*** Opening TASK MATERIAL ***

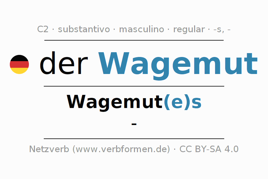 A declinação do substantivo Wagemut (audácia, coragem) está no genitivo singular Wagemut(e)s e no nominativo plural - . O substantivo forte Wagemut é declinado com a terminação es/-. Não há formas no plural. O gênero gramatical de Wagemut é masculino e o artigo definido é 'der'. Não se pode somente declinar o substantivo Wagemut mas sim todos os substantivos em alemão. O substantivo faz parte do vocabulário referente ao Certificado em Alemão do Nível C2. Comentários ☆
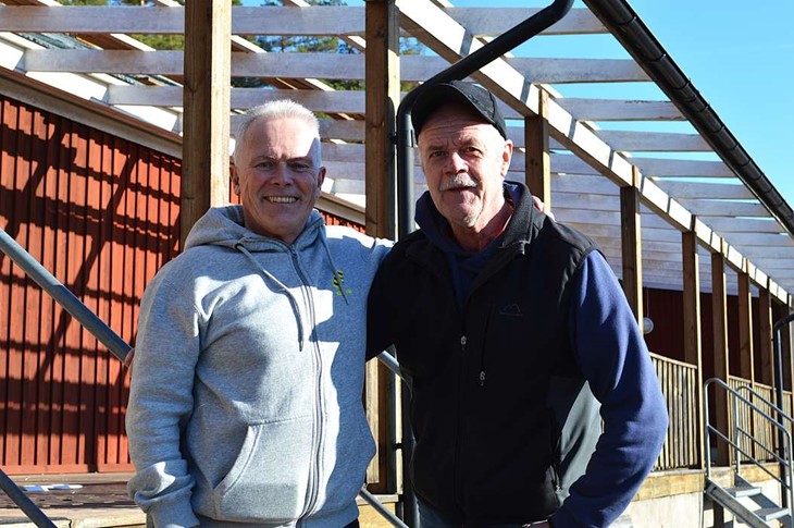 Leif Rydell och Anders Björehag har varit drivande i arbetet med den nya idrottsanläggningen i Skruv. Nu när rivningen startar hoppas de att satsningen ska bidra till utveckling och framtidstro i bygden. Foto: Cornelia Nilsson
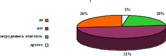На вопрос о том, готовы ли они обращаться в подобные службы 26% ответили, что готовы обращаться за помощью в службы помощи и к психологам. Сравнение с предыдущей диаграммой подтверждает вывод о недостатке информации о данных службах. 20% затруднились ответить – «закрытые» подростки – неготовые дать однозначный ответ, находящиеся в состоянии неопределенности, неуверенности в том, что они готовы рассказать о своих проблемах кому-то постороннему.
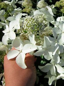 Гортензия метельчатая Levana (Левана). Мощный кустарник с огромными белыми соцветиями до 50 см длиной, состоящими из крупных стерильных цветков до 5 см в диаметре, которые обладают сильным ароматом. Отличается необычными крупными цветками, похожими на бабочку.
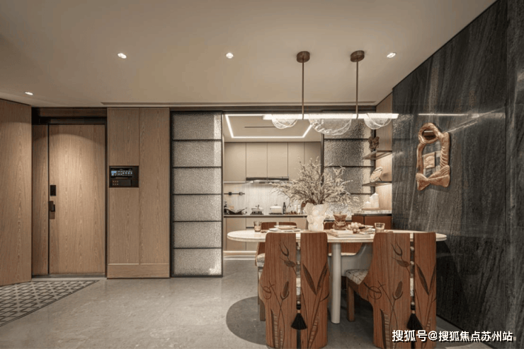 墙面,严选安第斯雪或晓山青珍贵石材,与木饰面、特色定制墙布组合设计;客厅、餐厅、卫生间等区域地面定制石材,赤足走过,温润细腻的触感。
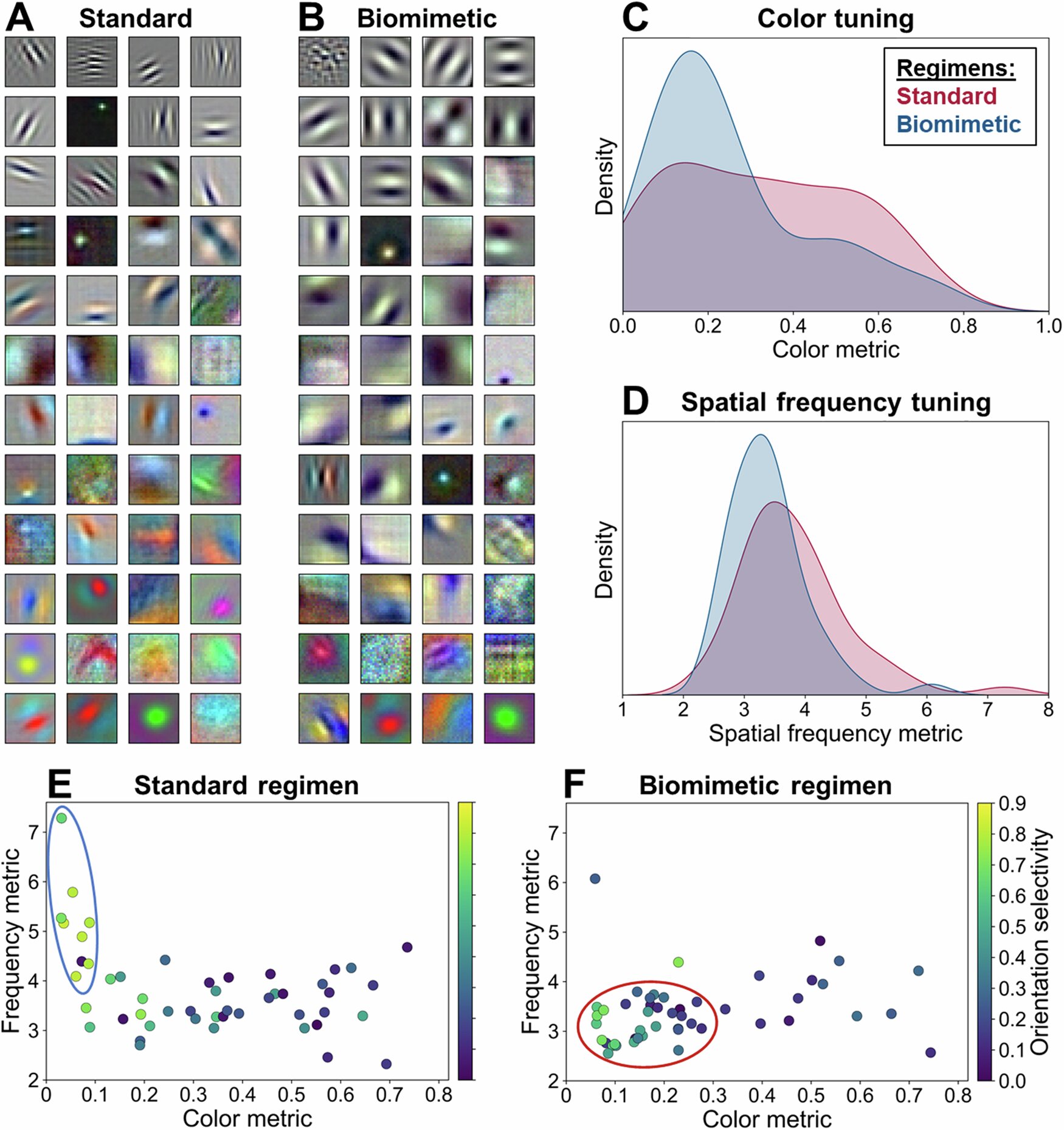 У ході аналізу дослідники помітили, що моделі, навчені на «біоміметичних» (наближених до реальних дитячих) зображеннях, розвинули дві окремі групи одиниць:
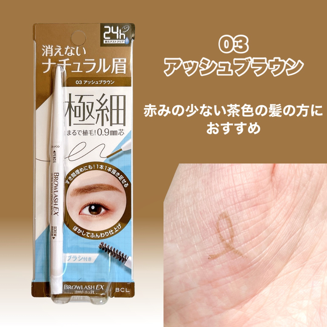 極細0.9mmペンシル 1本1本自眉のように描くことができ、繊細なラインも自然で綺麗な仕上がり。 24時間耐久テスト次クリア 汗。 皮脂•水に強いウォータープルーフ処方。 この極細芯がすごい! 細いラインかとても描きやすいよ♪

*** Closing TASK MATERIAL ***
*** Opening TASK MATERIAL ***

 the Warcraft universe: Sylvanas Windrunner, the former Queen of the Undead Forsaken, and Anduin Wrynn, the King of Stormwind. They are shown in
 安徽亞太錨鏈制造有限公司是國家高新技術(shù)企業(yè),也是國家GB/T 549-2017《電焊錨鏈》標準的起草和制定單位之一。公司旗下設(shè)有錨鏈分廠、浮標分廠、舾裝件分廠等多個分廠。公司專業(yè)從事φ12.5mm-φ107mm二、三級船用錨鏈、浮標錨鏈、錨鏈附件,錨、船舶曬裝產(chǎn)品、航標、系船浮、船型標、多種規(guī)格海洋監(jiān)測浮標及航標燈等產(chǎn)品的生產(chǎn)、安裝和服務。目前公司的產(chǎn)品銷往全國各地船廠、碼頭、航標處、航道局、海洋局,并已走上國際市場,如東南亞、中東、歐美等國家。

*** Closing TASK MATERIAL ***

ASSIGNMENT →
Return exactly the lines above, from the one with "Leif Rydell och" up to and including the one with "極細0.9mmペンシル 1本1本自眉のように描くことができ、繊細なラインも自然で綺麗な仕上がり。 24時間耐久テスト次クリア", and include no pictures.

RESULT OF THE EXERCISE →
 Leif Rydell och Anders Björehag har varit drivande i arbetet med den nya idrottsanläggningen i Skruv. Nu när rivningen startar hoppas de att satsningen ska bidra till utveckling och framtidstro i bygden. Foto: Cornelia Nilsson
На вопрос о том, готовы ли они обращаться в подобные службы 26% ответили, что готовы обращаться за помощью в службы помощи и к психологам. Сравнение с предыдущей диаграммой подтверждает вывод о недостатке информации о данных службах. 20% затруднились ответить – «закрытые» подростки – неготовые дать однозначный ответ, находящиеся в состоянии неопределенности, неуверенности в том, что они готовы рассказать о своих проблемах кому-то постороннему.
 Гортензия метельчатая Levana (Левана). Мощный кустарник с огромными белыми соцветиями до 50 см длиной, состоящими из крупных стерильных цветков до 5 см в диаметре, которые обладают сильным ароматом. Отличается необычными крупными цветками, похожими на бабочку.
 墙面,严选安第斯雪或晓山青珍贵石材,与木饰面、特色定制墙布组合设计;客厅、餐厅、卫生间等区域地面定制石材,赤足走过,温润细腻的触感。
 У ході аналізу дослідники помітили, що моделі, навчені на «біоміметичних» (наближених до реальних дитячих) зображеннях, розвинули дві окремі групи одиниць:
 極細0.9mmペンシル 1本1本自眉のように描くことができ、繊細なラインも自然で綺麗な仕上がり。 24時間耐久テスト次クリア 汗。 皮脂•水に強いウォータープルーフ処方。 この極細芯がすごい! 細いラインかとても描きやすいよ♪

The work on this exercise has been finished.